Horizontally scaling your Ghost blog on DigitalOcean
Preface
I had intended to submit this to DigitalOcean as a post, but the topics they require for their community posts don't fit the content of this post. I do not feel the need to hold onto this content to myself until such times as DO are ready for it. I'd rather get it out there and help people. Sure, getting paid $300 for it would be good, but helping others is a reward in itself.
I currently host this blog on Ghost itself, but have worked through this as a fun exercise in case the traffic increases on this blog and I can't justify the increased cost of Ghost hosting for free content.

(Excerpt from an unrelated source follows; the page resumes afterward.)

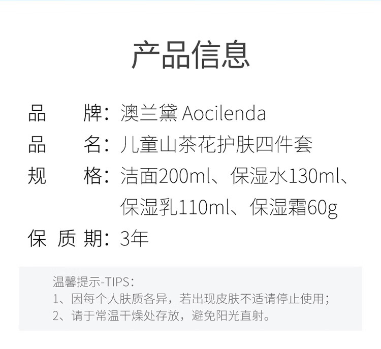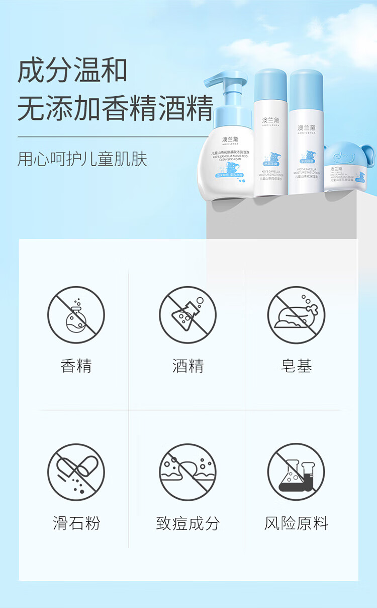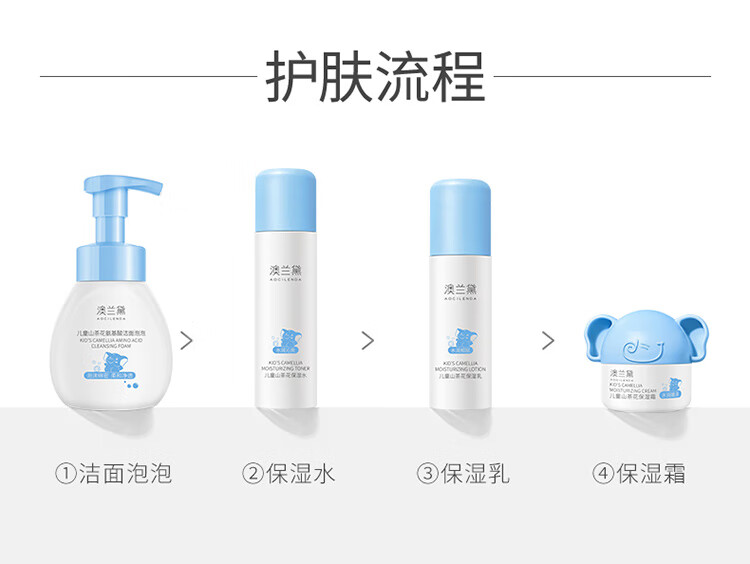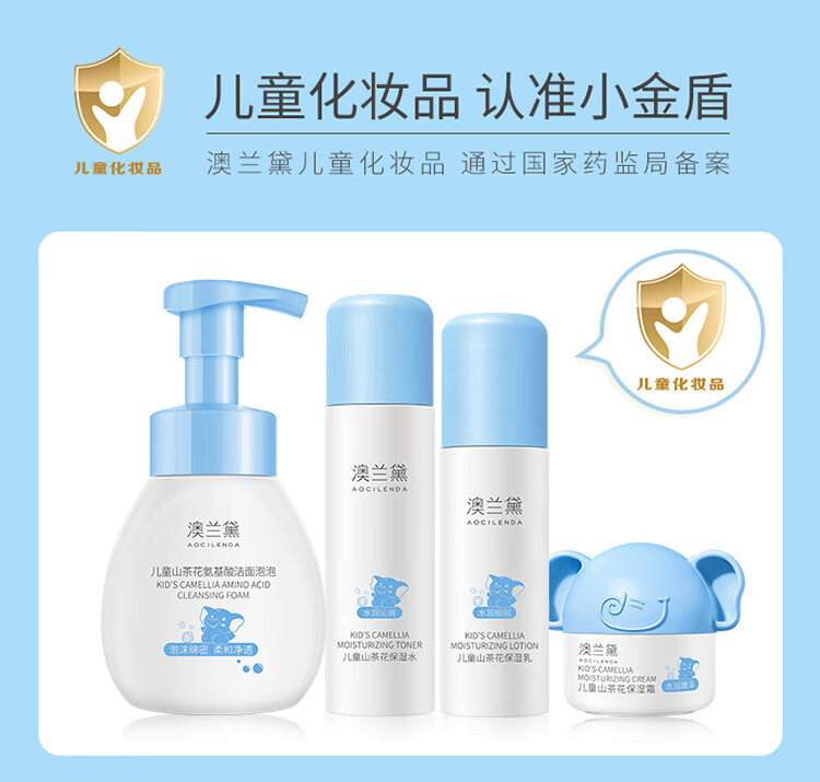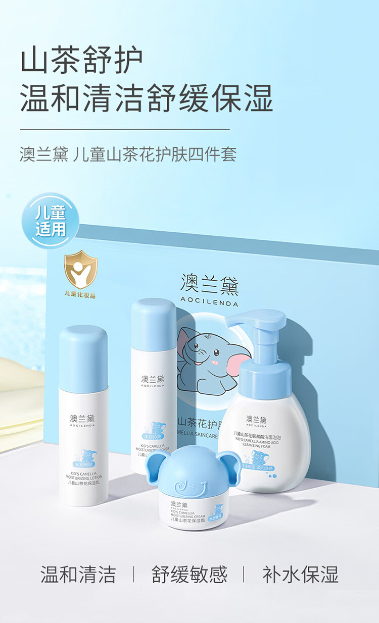 澳兰黛山茶花系列儿童护肤品套装洗面奶保湿水乳面霜男女孩四件套

Incidentally, you can sign up to DigitalOcean and get $100 credit (referral link which benefits me if you use it).
Introduction
Ghost is an open source, headless, Node.js CMS, and a great alternative to Wordpress. The image in the marketplace can get you up and running with a high performance blog in minutes. But what happens when you build such an audience that your droplet isn't enough? You can scale vertically and add more power to the one droplet (vertical scaling) from within your DigitalOcean dashboard, or you can add more droplets and scale horizontally.
In this tutorial, you will:
- Migrate the Ghost database from the same droplet as the blog to a separate droplet specifically for the database
- Change your Ghost blog infrastructure from a single droplet to multiple droplets behind a load balancer
- Create a GlusterFS network filesystem to share files between servers on volumes
- Move the uploads for the Ghost blog single node to the GlusterFS file system
Prerequisites
Before following this tutorial make sure you have:
- A VPC configured. You may find An Overview of DigitalOcean VPC and Networking if you have never worked with a VPC before
- One droplet with a running Ghost blog install
- Access to update DNS settings for your domain
- Created an Ubuntu 18.04 Droplet and follow the guide on How To Install MySQL on Ubuntu 18.04..
You may also need to refer to the following throughout this process:
- Tutorial: How To Create a Redundant Storage Pool Using GlusterFS on Ubuntu 18.04
- Docs: How to create Load Balancers
During this tutorial it is important that you or other authors do not create new content within Ghost. Doing so may result in the content being missed as part of the migration.
Step 1 — Migrating the database
Because the Ghost image in the marketplace runs MySQL 5.7 it is not advised to use a managed database instance within DigitalOcean for the Ghost database. Managed databases use MySQL 8, which causes problems when migrating the database. Specifically the managed database instance has the sql_require_primary_key variable set to ON
. Not all of the tables within Ghost have primary keys, which causes a database restore to fail.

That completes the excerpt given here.